Caffeine is actually poisonous, its used to ward off insects. However since humans a much much bigger then insects, the poison has little to no effect and works as a way jump start your day. The largest dose of caffeine ever survived was about a 100grams of it and that wasn't in coffee or energy drink form.

To compare, you would need to drink about 30 bottles of soda in rapid succession to get around 10 grams of caffeine in your system. At that point you are more likely to die from other causes such as a ruptured stomach or even water poisoning.


----------



## John Wick (Jun 16, 2017)

Xiammes said:


> Caffeine is actually poisonous, its used to ward off insects. However since humans a much much bigger then insects, the poison has little to no effect and works as a way jump start your day. The largest dose of caffeine ever survived was about a 100grams of it and that wasn't in coffee or energy drink form.
> 
> To compare, you would need to drink about 30 bottles of soda in rapid succession to get around 10 grams of caffeine in your system. At that point you are more likely to die from other causes such as a ruptured stomach or even water poisoning.

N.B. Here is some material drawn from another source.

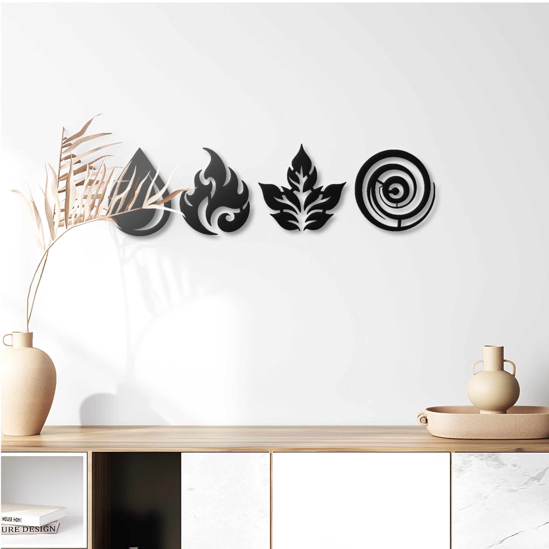 Four Elements Metal Wall Art: Abstract Geometric Nature Symbols

you could die from boredom before you died from a case of caffeine over dose

Reactions: Funny 1


----------



## DemonDragonJ (Jun 18, 2017)

John Wick said:


> you could die from boredom before you died from a case of caffeine over dose



May I quote this post in my signature? It is very hilarious, and I wish to immortalize it.


----------



## John Wick (Jun 18, 2017)

DemonDragonJ said:


> May I quote this post in my signature? It is very hilarious, and I wish to immortalize it.


Go for it.


----------



## DemonDragonJ (Jun 18, 2017)

John Wick said:


> Go for it.



Thank you very much.


----------



## Karasu (Jul 10, 2017)

No. It seems that people understand that caffeine works best when used sparingly, and people just drink it on and off. Or drink for a while and back off, and shampoo, rinse, repeat.


----------



## Mider T (Jul 10, 2017)

Futurama taught me enough of it allows you to enter the Speed Force.

Reactions: Funny 1


----------